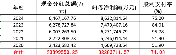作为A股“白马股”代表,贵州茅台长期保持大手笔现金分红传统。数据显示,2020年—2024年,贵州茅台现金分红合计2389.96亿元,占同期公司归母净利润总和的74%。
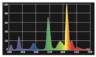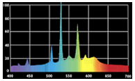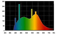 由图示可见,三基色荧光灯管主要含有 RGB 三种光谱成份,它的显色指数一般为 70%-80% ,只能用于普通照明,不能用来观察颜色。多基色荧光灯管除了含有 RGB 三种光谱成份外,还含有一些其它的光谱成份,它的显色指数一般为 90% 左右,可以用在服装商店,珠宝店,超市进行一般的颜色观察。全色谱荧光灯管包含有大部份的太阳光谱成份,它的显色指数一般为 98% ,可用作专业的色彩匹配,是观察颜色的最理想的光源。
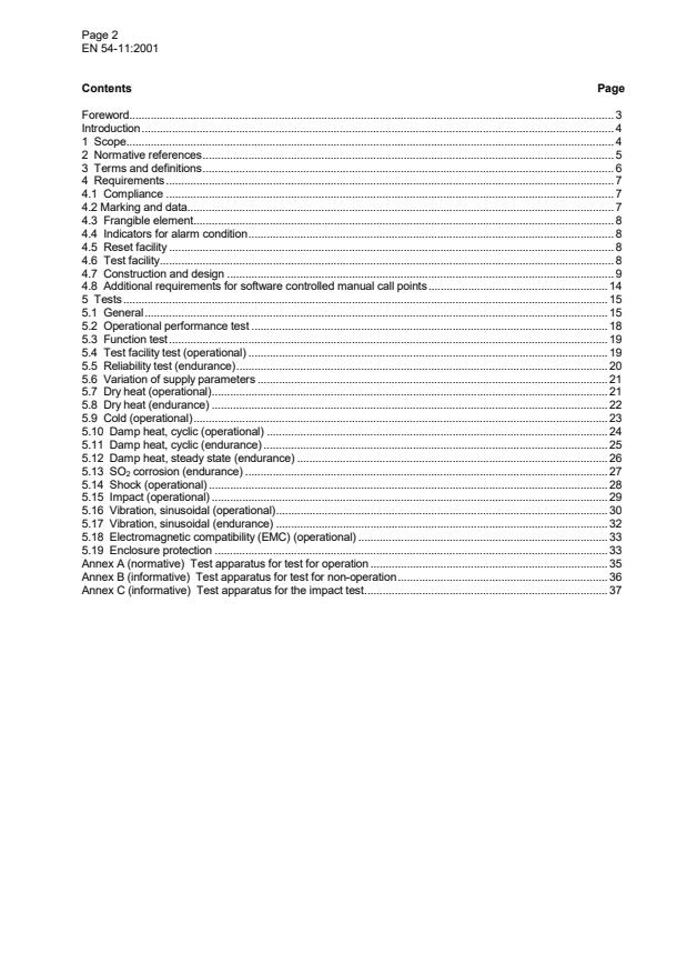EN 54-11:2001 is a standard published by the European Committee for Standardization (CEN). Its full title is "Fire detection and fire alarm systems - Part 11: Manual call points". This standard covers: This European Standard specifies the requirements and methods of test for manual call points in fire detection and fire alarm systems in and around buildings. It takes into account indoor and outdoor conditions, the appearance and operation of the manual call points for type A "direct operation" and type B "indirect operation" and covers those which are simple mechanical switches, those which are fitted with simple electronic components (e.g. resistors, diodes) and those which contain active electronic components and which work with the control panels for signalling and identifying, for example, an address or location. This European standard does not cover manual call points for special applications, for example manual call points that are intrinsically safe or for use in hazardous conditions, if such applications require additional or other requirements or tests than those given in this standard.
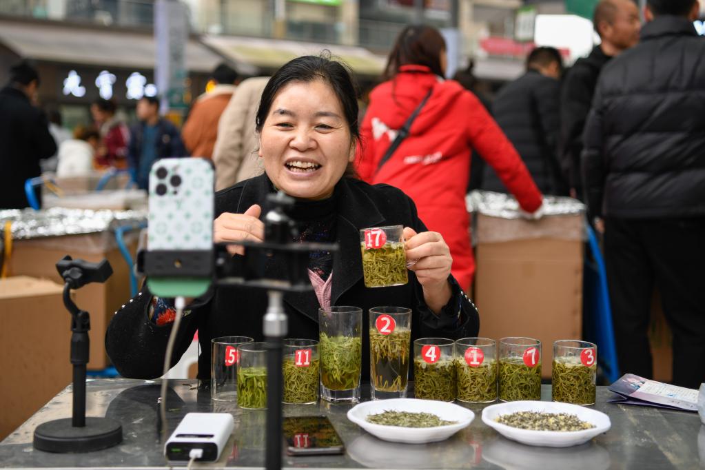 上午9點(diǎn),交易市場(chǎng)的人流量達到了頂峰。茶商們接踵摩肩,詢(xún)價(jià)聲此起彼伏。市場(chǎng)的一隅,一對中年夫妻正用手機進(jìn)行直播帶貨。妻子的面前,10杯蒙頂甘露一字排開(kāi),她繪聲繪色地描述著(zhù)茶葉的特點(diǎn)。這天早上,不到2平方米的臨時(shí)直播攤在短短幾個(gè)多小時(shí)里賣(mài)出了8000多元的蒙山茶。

--- --- ---

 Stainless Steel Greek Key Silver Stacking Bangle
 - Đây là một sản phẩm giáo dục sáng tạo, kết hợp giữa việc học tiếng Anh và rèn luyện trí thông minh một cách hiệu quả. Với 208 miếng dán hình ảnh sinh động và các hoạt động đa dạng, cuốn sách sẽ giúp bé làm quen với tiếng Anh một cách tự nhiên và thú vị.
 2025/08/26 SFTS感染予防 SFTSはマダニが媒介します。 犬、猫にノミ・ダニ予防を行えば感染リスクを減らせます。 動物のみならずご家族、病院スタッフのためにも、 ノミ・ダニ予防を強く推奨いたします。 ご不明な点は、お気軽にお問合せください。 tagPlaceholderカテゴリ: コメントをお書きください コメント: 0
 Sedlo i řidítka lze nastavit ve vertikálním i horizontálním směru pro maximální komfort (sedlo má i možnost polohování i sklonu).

--- --- ---

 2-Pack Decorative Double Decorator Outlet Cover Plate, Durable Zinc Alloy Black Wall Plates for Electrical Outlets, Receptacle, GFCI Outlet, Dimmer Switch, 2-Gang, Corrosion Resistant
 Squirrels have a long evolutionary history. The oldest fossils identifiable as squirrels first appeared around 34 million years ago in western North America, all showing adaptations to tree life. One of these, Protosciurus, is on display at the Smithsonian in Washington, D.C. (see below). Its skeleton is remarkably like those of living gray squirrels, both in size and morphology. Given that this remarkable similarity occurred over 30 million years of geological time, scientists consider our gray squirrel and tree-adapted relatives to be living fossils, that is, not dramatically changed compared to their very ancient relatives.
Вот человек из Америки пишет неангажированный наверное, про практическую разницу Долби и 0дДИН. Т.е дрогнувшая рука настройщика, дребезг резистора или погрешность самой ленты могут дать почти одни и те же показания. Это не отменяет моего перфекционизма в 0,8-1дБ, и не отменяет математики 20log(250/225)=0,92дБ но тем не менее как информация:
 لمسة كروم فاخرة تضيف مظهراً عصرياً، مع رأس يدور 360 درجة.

--- --- ---

▶ Assignment:
Would you please repeat only the lines above, beginning at the one that has "由图示可见,三基色荧光灯管主要含有 RGB 三种光谱成份,它的显色指数一般为" and stopping after the one that has "EN 54-11:2001 is", exactly and with no pictures?

▶ Result for this exercise:
 由图示可见,三基色荧光灯管主要含有 RGB 三种光谱成份,它的显色指数一般为 70%-80% ,只能用于普通照明,不能用来观察颜色。多基色荧光灯管除了含有 RGB 三种光谱成份外,还含有一些其它的光谱成份,它的显色指数一般为 90% 左右,可以用在服装商店,珠宝店,超市进行一般的颜色观察。全色谱荧光灯管包含有大部份的太阳光谱成份,它的显色指数一般为 98% ,可用作专业的色彩匹配,是观察颜色的最理想的光源。
EN 54-11:2001 is a standard published by the European Committee for Standardization (CEN). Its full title is "Fire detection and fire alarm systems - Part 11: Manual call points". This standard covers: This European Standard specifies the requirements and methods of test for manual call points in fire detection and fire alarm systems in and around buildings. It takes into account indoor and outdoor conditions, the appearance and operation of the manual call points for type A "direct operation" and type B "indirect operation" and covers those which are simple mechanical switches, those which are fitted with simple electronic components (e.g. resistors, diodes) and those which contain active electronic components and which work with the control panels for signalling and identifying, for example, an address or location. This European standard does not cover manual call points for special applications, for example manual call points that are intrinsically safe or for use in hazardous conditions, if such applications require additional or other requirements or tests than those given in this standard.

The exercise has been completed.